The future of food was a hot topic, with even seemingly niche sessions attracting attendees. This included a panel about lab-grown meat presented by the head of Australian startup Vow (known for its woolly mammoth meatball), and another about what the next generation of food might look like for astronauts as the US, India and China look to send crewed missions back to the moon, and Elon Musk pursues his dream of establishing a colony on Mars. 

Read More: Edible Insects and Exotic Plants May Be the Future of Food

Meanwhile, a Wednesday panel on psychedelic-assisted therapy had to move to a larger venue at the last minute to accommodate the crowds — at least that’s what one festival-goer said while standing in a snaking line to get into the venue.

The growth and impact of AI was mentioned in most conversations, with Slack Technologies Inc. co-founder Cal Henderson calling it the most interesting technological stepchange in at least the last decade, noting companies have shifted away from discussing their NFT and metaverse strategies. 

ESG was another acronym on many people’s mind. Companies are still struggling with Scope 3 reporting obligations, which are emissions firms are indirectly responsible for in their value chains, said Dan Chesterman, who is responsible for technology and data at ASX Ltd., which operates Australia’s main stock exchange. 

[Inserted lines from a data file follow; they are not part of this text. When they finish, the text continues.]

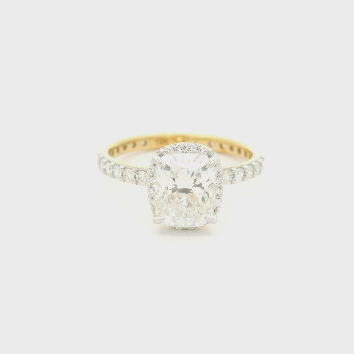 Timeless and radiant, this ring features a beautifully proportioned cushion-cut diamond framed by a delicate halo of round diamonds, creating a luminous centerpiece with exceptional depth and brilliance. The softly contoured shape of the center stone offers a classic yet elegant presence that captures light from every angle.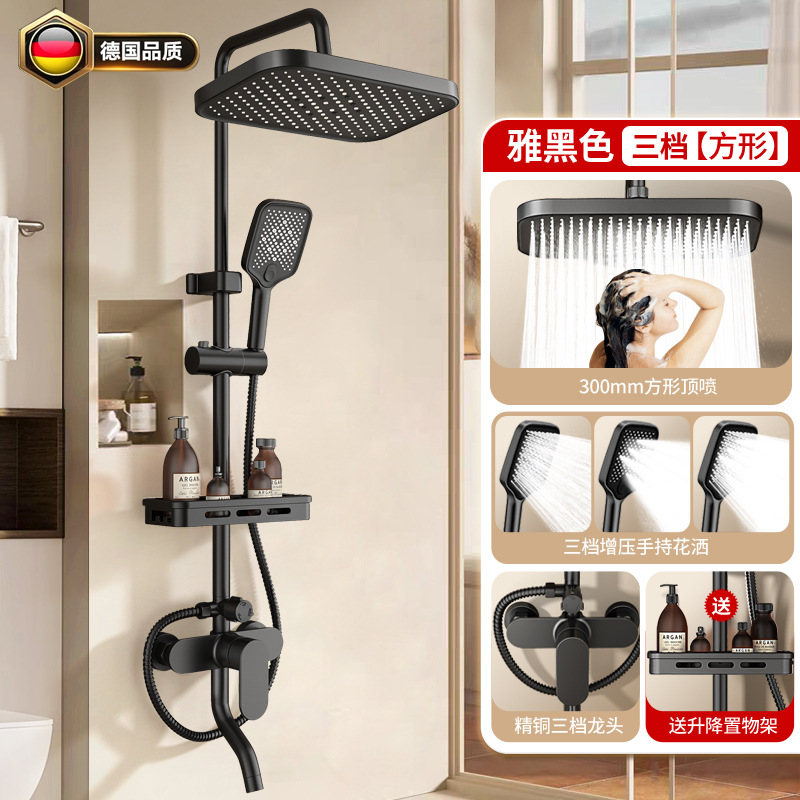 • 우아한 블랙(물 배출구 3개) 13inch 사각 고급 구리 샤워 세트
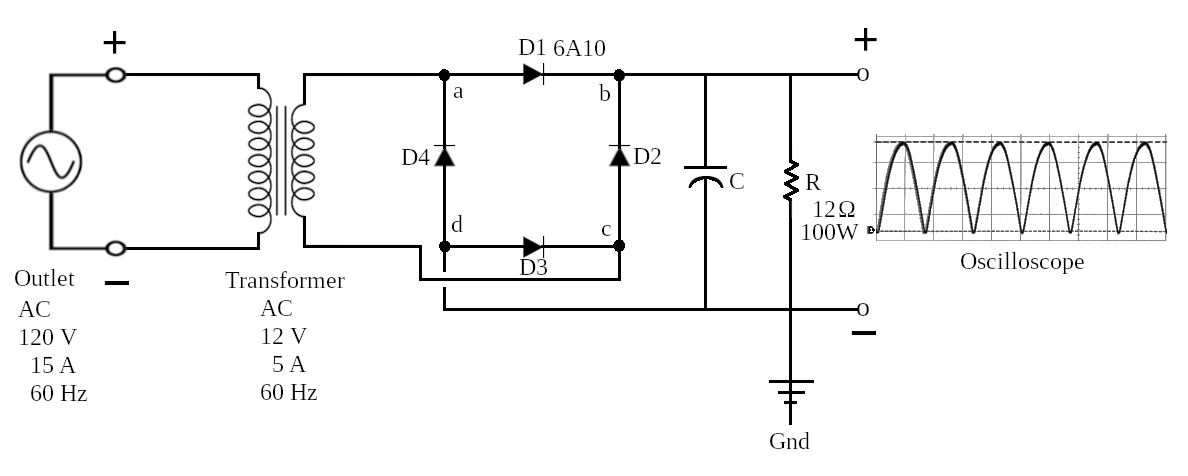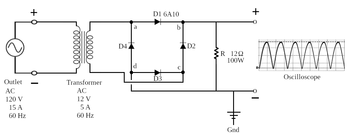 Note: point b is the positive end (during the positive portion of the sine wave) and point d is the negative. These should be attached to the oscilloscope for measurement. Point a is attached to the positive lead of the transformer and point c is attached to the negative lead.

Read More: Investors With $68 Trillion Target ‘Missing Link’ in CO2 Pledges

While it was the first time SXSW had ventured away from its regular host of Austin, Texas, it wasn’t immune to events back home in the US. The impact of Hollywood strikes were felt as more than 2,500 people listened to Kidman and producer Per Saari discuss their production company Blossom — but weren’t able to mention specific film and TV projects by name. 

They recounted their first meeting at a dinner party in 2004 over a game of charades, talked about the benefits of being able to access a huge global audience through streaming services, and touted their success rate in the notoriously fickle entertainment industry: “Everything has made investors their money back.”